[Dataset excerpts]
"""
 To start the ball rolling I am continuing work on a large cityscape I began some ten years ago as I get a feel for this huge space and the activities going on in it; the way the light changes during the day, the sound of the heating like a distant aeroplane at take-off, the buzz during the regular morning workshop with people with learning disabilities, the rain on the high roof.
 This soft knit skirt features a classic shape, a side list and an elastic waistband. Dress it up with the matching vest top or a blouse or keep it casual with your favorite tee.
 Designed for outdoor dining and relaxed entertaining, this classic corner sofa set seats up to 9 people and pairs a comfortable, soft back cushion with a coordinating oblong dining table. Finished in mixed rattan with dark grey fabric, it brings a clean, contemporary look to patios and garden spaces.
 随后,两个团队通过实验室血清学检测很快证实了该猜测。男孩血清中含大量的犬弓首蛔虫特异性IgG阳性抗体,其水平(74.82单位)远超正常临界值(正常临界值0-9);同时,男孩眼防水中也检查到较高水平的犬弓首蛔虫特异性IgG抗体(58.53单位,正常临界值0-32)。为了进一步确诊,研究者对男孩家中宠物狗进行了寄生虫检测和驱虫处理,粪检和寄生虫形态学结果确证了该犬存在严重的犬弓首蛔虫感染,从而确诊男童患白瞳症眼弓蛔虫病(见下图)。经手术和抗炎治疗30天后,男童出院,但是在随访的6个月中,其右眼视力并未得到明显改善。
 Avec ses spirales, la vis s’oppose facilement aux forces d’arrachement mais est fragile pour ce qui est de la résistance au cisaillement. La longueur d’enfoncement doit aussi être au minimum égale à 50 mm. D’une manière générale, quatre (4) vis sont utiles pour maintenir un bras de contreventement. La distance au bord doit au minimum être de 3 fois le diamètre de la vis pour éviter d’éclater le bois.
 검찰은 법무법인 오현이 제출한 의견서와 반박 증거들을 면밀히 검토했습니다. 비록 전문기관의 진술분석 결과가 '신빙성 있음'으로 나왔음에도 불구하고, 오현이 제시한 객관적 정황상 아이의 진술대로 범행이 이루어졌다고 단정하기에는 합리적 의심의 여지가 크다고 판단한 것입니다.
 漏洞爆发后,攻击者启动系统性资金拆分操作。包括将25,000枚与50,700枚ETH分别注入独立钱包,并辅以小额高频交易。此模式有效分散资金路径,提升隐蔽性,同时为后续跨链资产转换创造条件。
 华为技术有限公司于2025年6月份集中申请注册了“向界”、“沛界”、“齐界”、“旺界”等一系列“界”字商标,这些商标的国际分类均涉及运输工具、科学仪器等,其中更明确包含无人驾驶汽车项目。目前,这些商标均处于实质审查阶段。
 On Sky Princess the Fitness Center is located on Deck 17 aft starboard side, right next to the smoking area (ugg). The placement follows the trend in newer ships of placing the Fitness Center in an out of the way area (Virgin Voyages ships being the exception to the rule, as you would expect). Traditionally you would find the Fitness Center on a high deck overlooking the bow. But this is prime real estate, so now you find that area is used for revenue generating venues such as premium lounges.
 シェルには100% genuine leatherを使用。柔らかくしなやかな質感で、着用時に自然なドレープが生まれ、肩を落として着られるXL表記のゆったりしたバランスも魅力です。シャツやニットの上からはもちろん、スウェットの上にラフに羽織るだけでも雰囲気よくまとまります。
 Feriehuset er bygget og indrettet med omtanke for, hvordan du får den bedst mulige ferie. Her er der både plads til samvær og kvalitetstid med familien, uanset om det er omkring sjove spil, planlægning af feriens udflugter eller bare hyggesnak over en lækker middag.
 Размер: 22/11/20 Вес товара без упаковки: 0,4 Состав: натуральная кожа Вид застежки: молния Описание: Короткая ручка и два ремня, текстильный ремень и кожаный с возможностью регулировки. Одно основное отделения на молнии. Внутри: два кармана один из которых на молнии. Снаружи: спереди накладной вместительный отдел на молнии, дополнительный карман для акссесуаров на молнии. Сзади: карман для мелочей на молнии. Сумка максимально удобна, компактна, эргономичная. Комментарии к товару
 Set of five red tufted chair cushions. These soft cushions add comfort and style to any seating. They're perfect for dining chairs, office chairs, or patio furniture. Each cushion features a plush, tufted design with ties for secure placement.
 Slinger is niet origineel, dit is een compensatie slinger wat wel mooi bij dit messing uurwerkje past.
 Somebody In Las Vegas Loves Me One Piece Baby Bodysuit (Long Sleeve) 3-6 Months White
"""
### PROBLEM DETAILS
Please copy the lines in the records above between the one holding "随后,两个团队通过实验室血清" and the one holding "Feriehuset er bygget", inclusive, exactly and with no other line.

### EXPECTED ANSWER
 随后,两个团队通过实验室血清学检测很快证实了该猜测。男孩血清中含大量的犬弓首蛔虫特异性IgG阳性抗体,其水平(74.82单位)远超正常临界值(正常临界值0-9);同时,男孩眼防水中也检查到较高水平的犬弓首蛔虫特异性IgG抗体(58.53单位,正常临界值0-32)。为了进一步确诊,研究者对男孩家中宠物狗进行了寄生虫检测和驱虫处理,粪检和寄生虫形态学结果确证了该犬存在严重的犬弓首蛔虫感染,从而确诊男童患白瞳症眼弓蛔虫病(见下图)。经手术和抗炎治疗30天后,男童出院,但是在随访的6个月中,其右眼视力并未得到明显改善。
 Avec ses spirales, la vis s’oppose facilement aux forces d’arrachement mais est fragile pour ce qui est de la résistance au cisaillement. La longueur d’enfoncement doit aussi être au minimum égale à 50 mm. D’une manière générale, quatre (4) vis sont utiles pour maintenir un bras de contreventement. La distance au bord doit au minimum être de 3 fois le diamètre de la vis pour éviter d’éclater le bois.
 검찰은 법무법인 오현이 제출한 의견서와 반박 증거들을 면밀히 검토했습니다. 비록 전문기관의 진술분석 결과가 '신빙성 있음'으로 나왔음에도 불구하고, 오현이 제시한 객관적 정황상 아이의 진술대로 범행이 이루어졌다고 단정하기에는 합리적 의심의 여지가 크다고 판단한 것입니다.
 漏洞爆发后,攻击者启动系统性资金拆分操作。包括将25,000枚与50,700枚ETH分别注入独立钱包,并辅以小额高频交易。此模式有效分散资金路径,提升隐蔽性,同时为后续跨链资产转换创造条件。
 华为技术有限公司于2025年6月份集中申请注册了“向界”、“沛界”、“齐界”、“旺界”等一系列“界”字商标,这些商标的国际分类均涉及运输工具、科学仪器等,其中更明确包含无人驾驶汽车项目。目前,这些商标均处于实质审查阶段。
 On Sky Princess the Fitness Center is located on Deck 17 aft starboard side, right next to the smoking area (ugg). The placement follows the trend in newer ships of placing the Fitness Center in an out of the way area (Virgin Voyages ships being the exception to the rule, as you would expect). Traditionally you would find the Fitness Center on a high deck overlooking the bow. But this is prime real estate, so now you find that area is used for revenue generating venues such as premium lounges.
 シェルには100% genuine leatherを使用。柔らかくしなやかな質感で、着用時に自然なドレープが生まれ、肩を落として着られるXL表記のゆったりしたバランスも魅力です。シャツやニットの上からはもちろん、スウェットの上にラフに羽織るだけでも雰囲気よくまとまります。
 Feriehuset er bygget og indrettet med omtanke for, hvordan du får den bedst mulige ferie. Her er der både plads til samvær og kvalitetstid med familien, uanset om det er omkring sjove spil, planlægning af feriens udflugter eller bare hyggesnak over en lækker middag.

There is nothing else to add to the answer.